Sunday, June 6, 2010

Day 22 - Too Much To Do

I'm juggling a lot of balls in the air right now, and the lock down days didn't help much. I'm working to share the load with all the new summer mentors that just got here. That'll take most of this week. One new mentor is 1/2 time with the language department. He gets the job of training the language instructors on the new lab. Two others are here for CompSci. We're trying to share the load there also, with one picking up mentoring the database, software engineering, and programming courses, while the other takes on all the IT requirements for the new Air Defense University site. That will free me up to focus on computer architecture, networks, and operating systems.

By now I'm seen as an "old timer," so I end up helping get the new mentors used to the Afghan's ways of approaching problems. I'm not confident I get all the nuances yet, and I probably never will given the short time I'm here. However, the strong Type A, bull in the china shop approach common to most military officers is the exact wrong way to approach problem solving with them.

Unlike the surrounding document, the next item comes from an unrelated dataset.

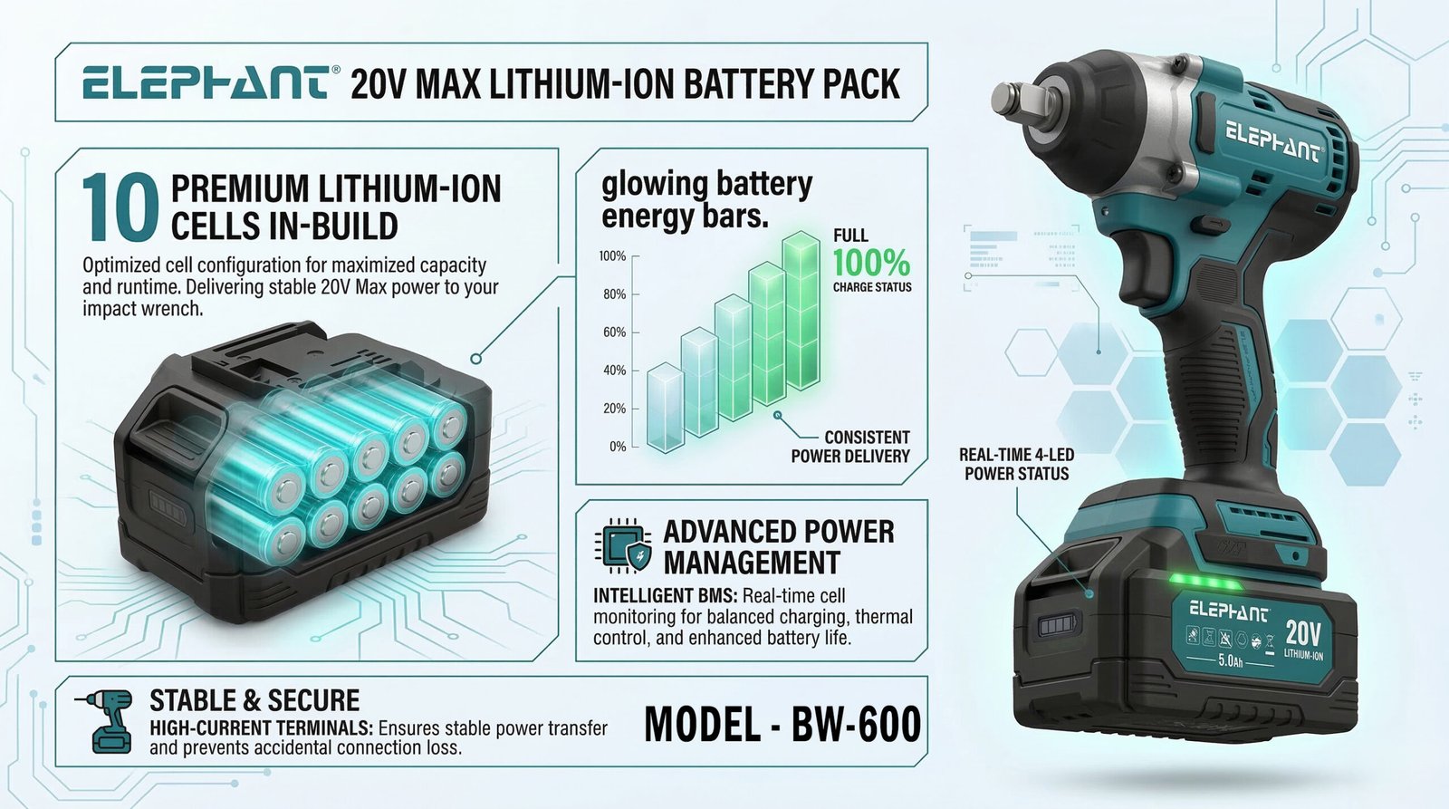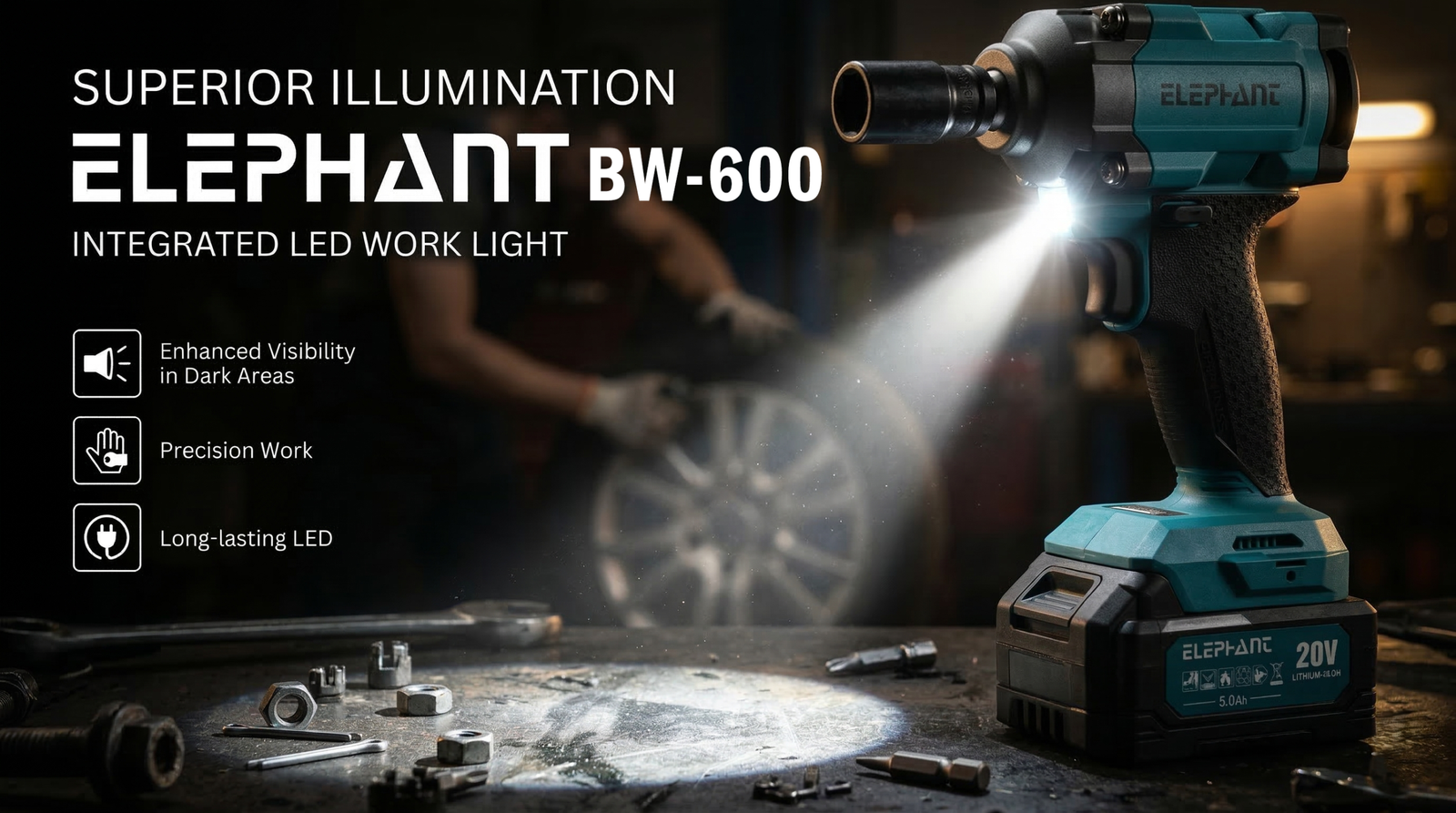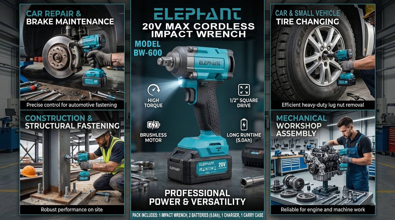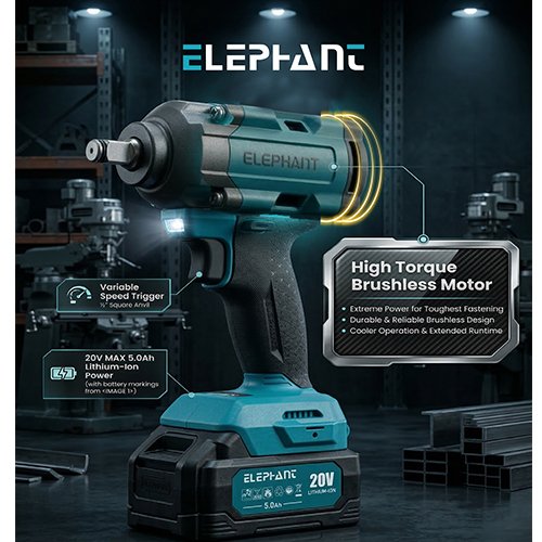 Elephant Heavy Duty 20V Cordless Impact Wrench with 2 Batteries | Build-In LED Lights | Forward & ReverseSwitch BW-600.

Rather, I've adopted the "perhaps this might be a good approach" technique that ends up with them thinking it was their idea all along. I strive to be an ego minimalist, and it's much better if they get the credit for the idea. It promotes Afghan ownership of the solution and the problem. This is of course a pre-requisite for us reducing and eventually eliminating our support here.

One of our mentors was told a great joke from an Afghan officer today that I have to share...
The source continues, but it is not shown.